1 No of Matches 4,896 1 4,896 1 5,514 1 5,514 1
2 Total PL \$353.96966 55.57% \$381.06299 53.98% \$448.8993 59.35% \$488.91841 58.60%
3 No of Bets 2,268 46.32% 2,404 49.10% 2,570 46.61% 2,697 48.91%
4 No of Won Bets 1,531 31.27% 1,584 32.35% 1,765 32.01% 1,824 33.08%
5 No of Voided Bets 128 2.61% 143 2.92% 192 3.48% 196 3.55%
6 No of Lose Bets 609 12.44% 677 13.83% 613 11.12% 677 12.28%
7 Staking \$636.98372 1 \$705.89203 1 \$756.2979 1 \$834.32032 1
8 Won Bets Stakes \$453.43724 71.19% \$496.09555 70.28% \$563.6685 74.53% \$614.24795 73.62%
9 Voided Stakes \$19.13296 3.00% \$22.67241 3.21% \$27.1151 3.59% \$32.12999 3.85%
10 Lose Bets Stakes -\$99.46758 -15.62% -\$115.03256 -16.30% -\$114.7691 -15.18% -\$125.32954 -15.02%

table 5.1 : Staking breakdown and result of the bets settlement.

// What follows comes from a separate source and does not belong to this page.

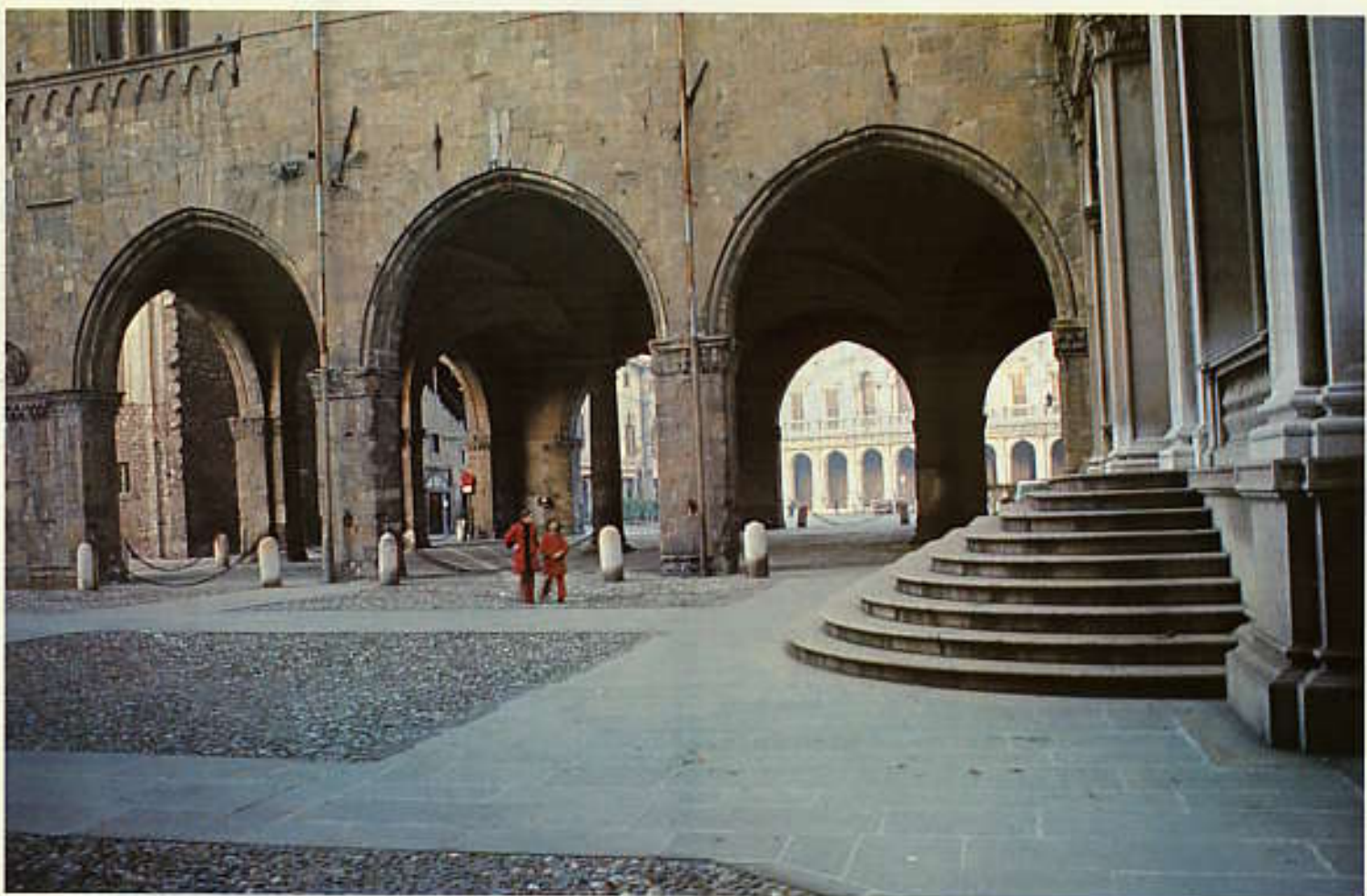
大聖堂広場, Piazza del Duomo.

Company PL (2011/12) Ratio (%) PL2 (2011/12) Ratio (%) PL (2012/13) Ratio (%) PL2 (2012/13) Ratio (%)
Ladbrokes \$33.772411 9.54% \$38.25184 10.04% \$44.53507895 9.92% \$46.7763362 9.57%
Bet365 \$34.120624 9.64% \$37.19263 9.76% \$33.53743752 7.47% \$40.6766948 8.32%
Macauslot \$35.740062 10.10% \$40.23454 10.56% \$1.76408658 0.39% \$1.9329171 0.40%
X10Bet \$37.538487 10.61% \$41.64034 10.93% \$33.62892077 7.49% \$40.6921976 8.32%
X188Bet \$36.579289 10.33% \$38.25589 10.04% \$41.05668234 9.15% \$46.1156378 9.43%
SBOBET \$40.392461 11.41% \$41.90898 11.00% \$43.50915478 9.69% \$47.8308212 9.78%
Mansion88 \$31.219547 8.82% \$32.38999 8.50% \$42.44403404 9.46% \$43.9521665 8.99%
YSB88 \$13.167746 3.72% \$14.34128 3.76% \$45.92688667 10.23% \$46.8393963 9.58%
X12BET \$36.802466 10.40% \$38.19015 10.02% \$36.03065656 8.03% \$36.2449956 7.41%
VictorChandler \$24.391917 6.89% \$25.95763 6.81% \$45.13420638 10.05% \$46.2154620 9.45%
Canbet \$10.347393 2.92% \$10.97516 2.88% \$41.04019224 9.14% \$46.9617659 9.61%
Betinternet \$10.286812 2.91% \$11.18731 2.94% \$40.20594752 8.96% \$44.5435274 9.11%
Titanbet \$9.610441 2.72% \$10.53726 2.77% \$0.08604952 0.02% \$0.1364944 0.03%

table 5.2 : Breakdown of Operators - Profit & Loss on the Odds Price with/without Overrounds.

# 6. Conclusion

Finally, the model is proof that profitable. However the odds price was collected from the information website but the from bookmakers website.

Niko Marttinen (2006) introduced a multinormial model which is more accurate than the bivariate poisson model. The bivariate poisson model by Niko Marttinen (2006) added the bookmakers odds price as the hidden effects where I need to upgraded beyond the future.